A retomada da safra de balanços financeiros vem trazendo, como é de costume, divulgação de informações antes de chegarem ao mercado. O Banco do Brasil está instaurando processo administrativo para investigar se houve mau uso das informações na divulgação ao mercado. Em resposta a uma consulta da Comissão de Valores Mobiliários (CVM), a instituição diz que, tendo-se em vista todas as proteções e precauções tomadas, julga que a suposta configuração de vazamento de informação não tenha ocorrido no âmbito da instituição.

A CVM consultou o BB sobre reportagem do jornal Brasil Econômico, sob o título: "Banco do Brasil deve anunciar o maior lucro da história", publicada na edição do dia no qual estava marcada a divulgação do resultado do banco do quarto trimestre. A instituição diz que também foi surpreendida pela matéria do jornal e que não tem conhecimento de como o periódico chegou a esse tipo de interpretação do resultado do BB.

Para Mauro Rodrigues da Cunha, presidente do Conselho de Administração do Instituto Brasileiro de Governança Corporativa (IBGC), é fundamental que as empresas tenham cuidados com vazamento de informações. "O fundamental é que a companhia tenha procedimentos de tratamento da informação sensível que siga as melhores práticas. Não basta ter um monte de regras se elas não forem seguidas", diz.

O banco esclareceu que o processo de divulgação do resultado na instituição é restrito às áreas de Contadoria, Controladoria e Relações com Investidores e que as informações são compartilhadas com Diretoria Executiva, administradores, conselheiros e área de imprensa, dentro de controles bem estabelecidos, sem nunca ter-se observado algum tipo de falha no controle da informação. "Além disso, todas as pessoas envolvidas no processo de divulgação são autorreguladas de acordo com o que preconiza a Instrução CVM 358", diz o comunicado.

O BB disse também que, ainda no sentido de mitigar riscos dos procedimentos de divulgação de resultado, todas as informações utilizadas são de acesso restrito, protegidas por senhas e o fluxo de informações é realizado em sistema corporativo, com definição de nível de acesso protegido e totalmente rastreável.

"A CVM ajuda as companhias através da Instrução 358, sugerindo às empresas que desenvolvam políticas de divulgação de informações. Essas políticas precisam ser bem administradas, ou seja, precisam de um controle a uma atribuição de responsabilidade das pessoas que vão administrar essa política para que de fato se consiga que ela seja efetiva", diz o presidente do CA do IBGC.

Outro caso recente, porém não considerado vazamento de informação, aconteceu com o Fibria, empresa formada a partir da união da Votorantim Celulose e Papel (VCP) e da Aracruz Celulose. Na semana em que a companhia iria anunciar um prejuízo de R$ 150 milhões no quarto trimestre do ano passado, suas ações apresentaram queda de 11,07%.

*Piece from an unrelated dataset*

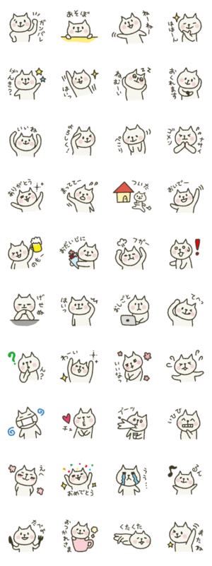 猫(ねこ、ネコ)さんのらくがきがかわいいスタンプになりました★(文字入り。2nd message version)ミミンヌモコ より発売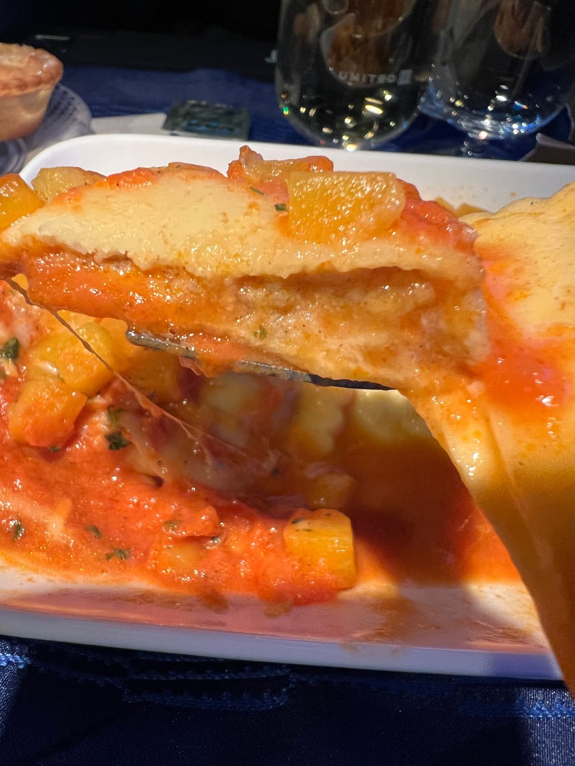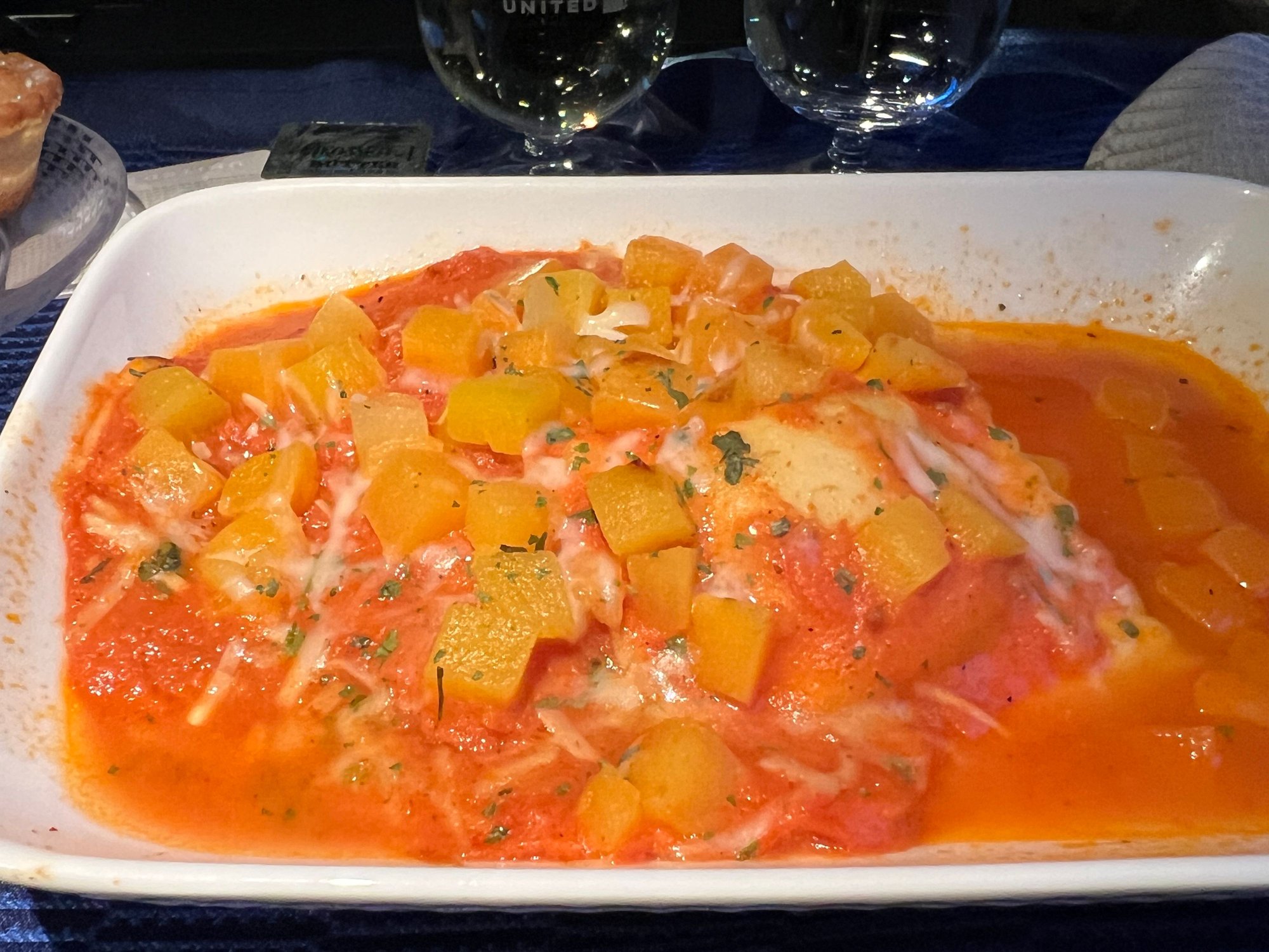 Flight attendant asked me if I want “chicken” or “butternut squash”. I asked her “butternut squash soup”? She said butternut squash pasta….

Um dia antes do anúncio do resultado, as ações negociadas no Ibovespa, principal indicador da Bolsa de Valores, Mercadorias e Futuros (BM&F Bovespa), ficaram com a maior desvalorização do índice no dia, encerrando com retração de 3%. No dia da divulgação a ação finalizou o dia de negociação com queda de 5,31%.

"A CVM tem suas regras. Assim que a empresa detecta o vazamento de informação, ela [empresa] precisa comunicar imediatamente o fato ao mercado e ao próprio regulador. A empresa pode solicitar a suspensão da negociação das ações. A informação deixa de ser confidencial quando vem ao mercado", afirma Cunha.

Esta não é a primeira vez em que o mercado é surpreendido com vazamento de informações das companhias. Pouco depois do início da crise financeira internacional, investidores sabiam de informações sobre exposição cambial de empresas que seriam prejudicadas pela elevação do dólar. Isso fez com que a CVM trouxesse maior rigidez à divulgação das informações.

Cunha lembra ainda que a companhia corre risco de punição mesmo que ela detecte o vazamento.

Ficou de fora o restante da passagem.